Methods: The Ultra-Performance Liquid Chromatography-Quadrupole/Orbitrap High Resolution Mass Spectrometry (UHPLC-Q-Orbitrap HRMS) was applied to analyze the change of metabolites in serum of patients with OLP. A total of 115 OLP patients and 124 healthy controls were assigned to either a training set (n = 160) or a test set (n = 79). The potential biomarkers and the change of serum metabolites were profiled and evaluated by multivariate analysis.

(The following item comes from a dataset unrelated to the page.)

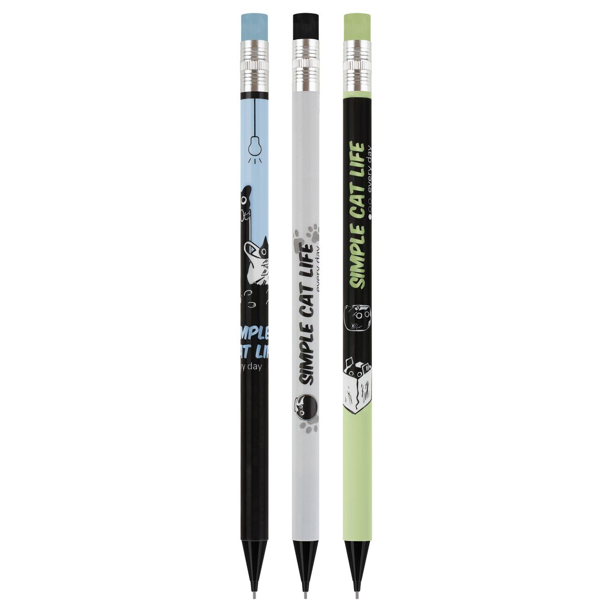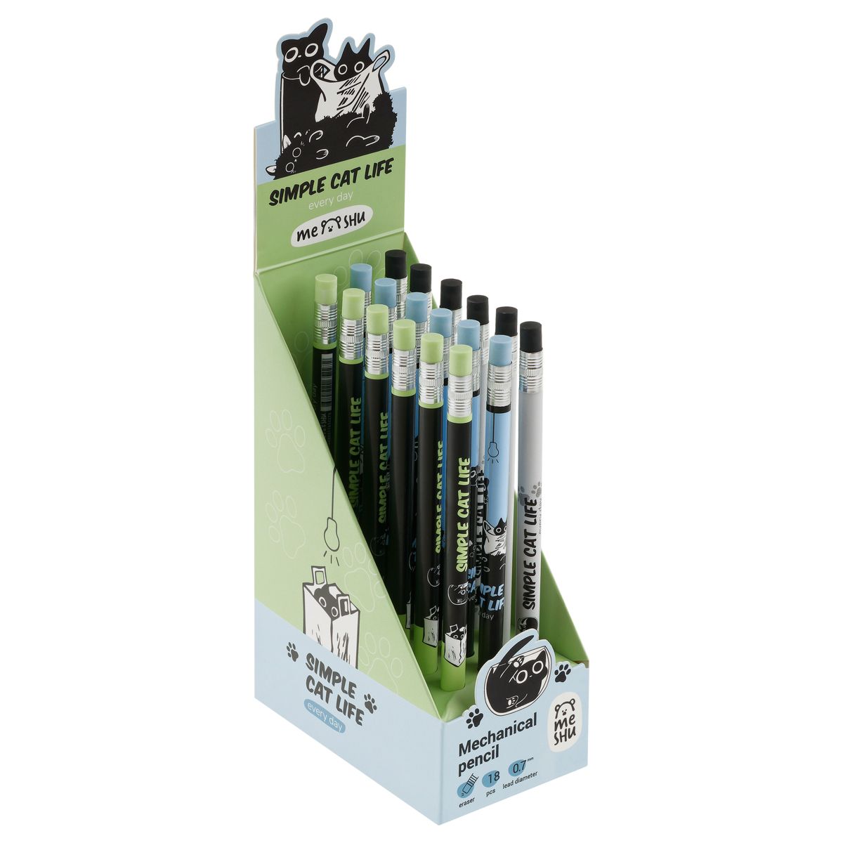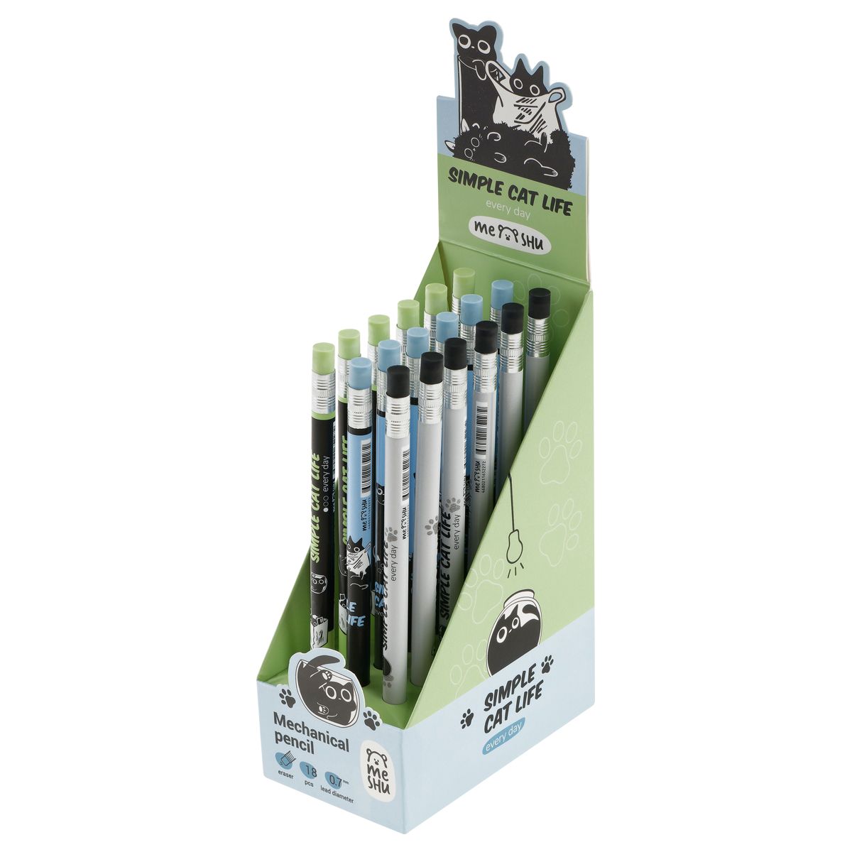 Карандаш механический MESHU "Meowsy", печать на корпусе, с ластиком, 0,7мм, ассорти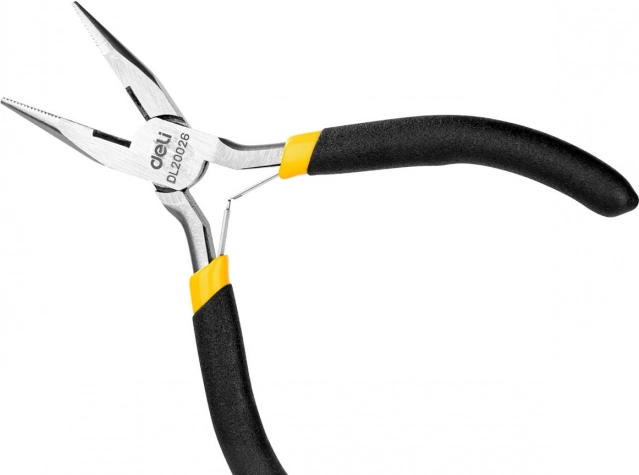 Kompaktne igelaste klešče DELI dolžine 125 mm so odlična izbira za delavnico in domača popravila. Zahvaljujoč ozkim, dolgim čeljustim zlahka dosežete tesne prostore, varno primete majhne dele in natančno oblikujete vodnike. Ohišje iz kakovostnega ogljičnega jekla zagotavlja visoko vzdržljivost in zanesljivost pri vsakodnevni uporabi.

Results: Totally, 23 differential metabolites were identified in the training set between OLP group and healthy group. Three prominent metabolites in receiver operating characteristic (ROC) were selected as a panel to distinguish OLP or healthy individuals in the test set, and the diagnostic accuracy was 86.1%.

Conclusions: This study established a new method for the early detection of OLP by analyzing serum metabolomics using UHPLC-Q-Orbitrap HRMS, which will help in understanding the pathological processes of OLP and identifying precancerous lesions in oral cavity.

Introduction

Oral lichen planus (OLP) is a T-cell-mediated chronic inflammatory disorder and potentially precancerous oral lesion, with a prevalence of 0.5–3% (Warnakulasuriya et al., 2007; Carbone et al., 2009; Kountakis, 2013). About 0.5–12.5% of patients with OLP will progress to malignant transformation (Kountakis, 2013). The diagnosis of OLP is usually based on dental exam, histological examinations and patient history (Alrashdan et al., 2016; Raj and Patil, 2017). Due to the lack of universal diagnostic criteria for OLP and related lesions such as oral epithelial dysplasia (OED), OLP with dysplasia and oral lichenoid lesions (OLL), misdiagnosis often occurs, leading to the incorrect treatment strategy (van der Meij et al., 1999; Au et al., 2013; Raj and Patil, 2017). Therefore, a more efficient, non-invasive and accurate diagnostic method for OLP is urgently needed.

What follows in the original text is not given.